Headrix: Geschützte Verbindung

5. August 2020

Teile der Headrix Brillen beim Patent- und Markenamt gelistet

Die Art, wie die Front mit dem Bügel zusammen kommt, ist jetzt eine geschützte Verbindung. Die Entwickler des Berliner Brillenherstellers Headrix konnten sich über die kommenden Jahre einen Gebrauchsmusterschutz sichern, der eine “schraubenlose, klebefreie Befestigung eines Brillenbügels aus Metall in einer Brillenfront aus Kunststoff” ist und bei den Fassungen der Thin Line Kollektion angewandt wird. Was in der Beschreibung so einfach und unaufgeregt klingt, war eine gut einjährige Entwicklungsarbeit. Die Fragestellung lautete: Wie schafft man es, eine individuelle Headrix-Front aus Naitrix mit einem eleganten Brillenbügel aus Metall so zu verbinden, dass dazu weder Schrauben noch Klebstoff benötigt werden.

Das Ergebnis ist unter dem Aktenzeichen 20 2020 002 766.9 seit Mitte Juli im Gebrauchsmusterregister des Deutschen Patent- und Markenamtes eingetragen.

Die Methode basiert auf den Möglichkeiten des industriellen 3D-Drucks, der bei der Produktion der Headrix-Fassungen zum Einsatz kommt. Das Bügelende verfügt über eine Art Zweizack, das sich mit seinen Widerhaken im Inneren der Backe in einer Form passenden Aussparung einrastet. Dabei ist vor allem der präzise Aufbau der Brillenfront aus Kunststoff von Bedeutung, denn die Toleranzen liegen weit unter 0,1 mm.

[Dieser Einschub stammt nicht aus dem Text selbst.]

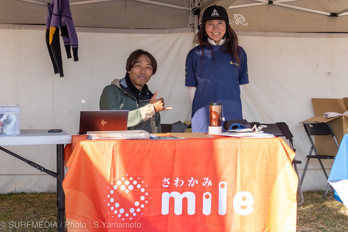ビーチマーシャルでは、田中樹コンテストディレクター(ショートボード)が受付業務にあたる。

Im Ergebnis entsteht so eine wackelfreie, sichere Verbindung, die völlig schraubenlos und klebefrei ist. Diese durch Gebrauchsmuster geschützte Verbindung, stellt einen weiteren Beitrag zur Nachhaltigkeit in der Produktion der Headrix-Fassungen dar, die ein wichtiger Bereich der Firmenphilosophie ist.